No sé si es que han puesto algo en el agua de La Laguna, o es que un oscuro gen palmero se ha instalado en las casas consistoriales, pero últimamente me cuesta mucho entenderme con los concejales Javier Abreu y Antonio Alarcó. Y cuando digo entenderme no me refiero a llegar a acuerdos con ellos (válgame Dios), sino a entender lo que dicen, o hacer que ellos entiendan lo que digo yo. Me consta que no soy al único que le pasa: quizá anden borrachos de palabras, enfermedad residual fruto de hablar sin tono ni tino durante las campañas y no ser capaz de volver luego al mundo. O puede que sea culpa mía, que me hago viejo y me cuesta más perder el tiempo.

La cosa es que no entiendo cómo es posible que hayan seguido manteniendo con sus palabras y su actitud agónica el suspense sobre lo que podía ocurrir en La Laguna, hasta el mismísimo momento de emitir su voto, como si fuera posible que solo por no admitir lo obvio pudiera ocurrir algo distinto.

El comportamiento peripatético de Abreu, a pesar del espléndido disparate que ha sido abandonar sin que nadie se lo pidiera la ejecutiva federal del PSOE, es más comprensible que el de Alarcó: la posibilidad de ser alcalde es un tren que pasa pocas veces por la puerta de la casa de uno. A Abreu esa posibilidad se le cruzó sin siquiera esperarla, con un PSOE lagunero en retroceso, no por sus pecados, sino por el avance en la ciudad universitaria de Podemos y derivados. Abreu estuvo con su pretensión de sustituir al califa bastante pesado, instalado en un discurso errático, en el que no se hablaba de lo que realmente le importaba a Abreu -ser alcalde- sino de intangibles como la dignidad socialista, las traiciones chicharreras, los apoyos de Ciudadanos y otras martingalas. Ser alcalde es una aspiración legítima, incluso cuando no se ganan las elecciones, o ni siquiera se queda segundo. Pero Abreu eligió un discurso distinto a ese, y todo quisque se dio cuenta de que estaba interpretando. Ahora, acabado el teatro, Abreu ha quedado tocado con sus socios y en su partido. Por lo menos. Él creía jugarse los garbanzos.

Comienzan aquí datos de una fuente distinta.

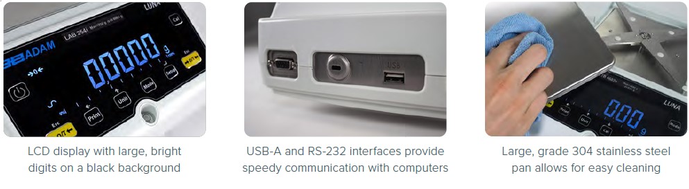Wagi Luna zostały zaprojektowane z szeregiem cech i funkcji, aby dostosować się do większości zastosowań laboratoryjnych. Seria Luna oferuje ulepszoną wydajność dla szybsze i dokładniejsze odczyty. Ze stylowym, nowoczesnym podświetleniem, Imponujący wyświetlacz Luna roztacza aurę inteligentnego wyrafinowania.
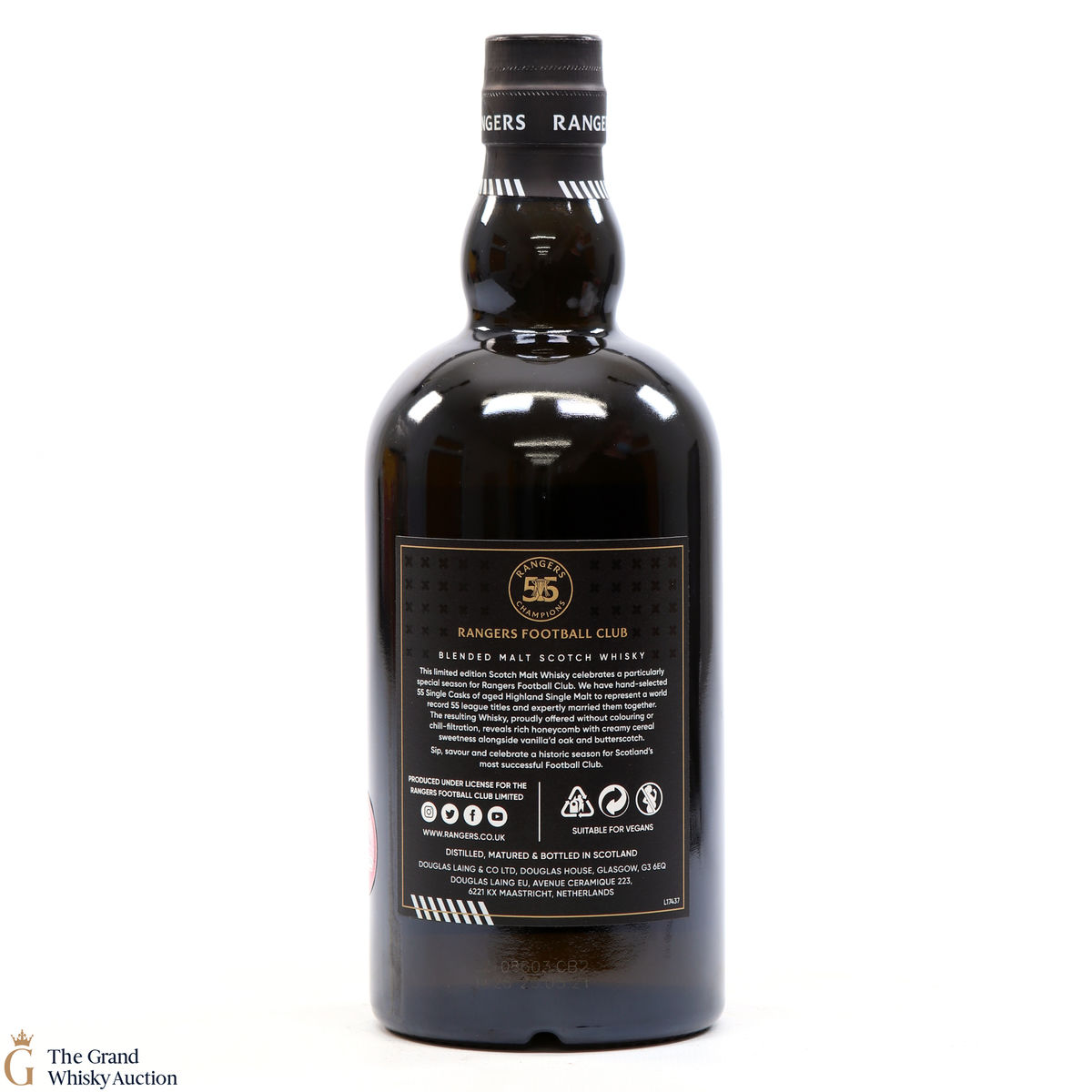 Glasgow-based Douglas Laing created the special release dubbed Rangers Champions 55. The blended malt is created from 55 Single Casks of aged Highland Single Malt to represent a world record 55 league titles and expertly married them together.

Lo del doctor Alarcó es otra cosa: al hombre le gusta tanto enzarzarse en una discusión por lo que sea, que a veces acaba por discutir consigo mismo, y ni entonces empata. El doctor Alarcó ha ido perdiendo peso en la política de Tenerife, y ha pasado de ser el hombre que controlaba todo desde el partido, desde su relación privilegiada con el ministro Rato, desde el Senado... a mantener apenas un modestísimo papel de concejal en la oposición. No sé si su ego le permitirá aceptarlo. Ayer se retrató con el bastón de la alcaldía, posando como alcalde virtual. Porque cada uno se consuela como quiere. Por cierto, sin novedad en el alcázar lagunero: Juan Alberto Díaz no pasará a la historia por sacar pecho pero él puede consolarse siendo alcalde de verdad.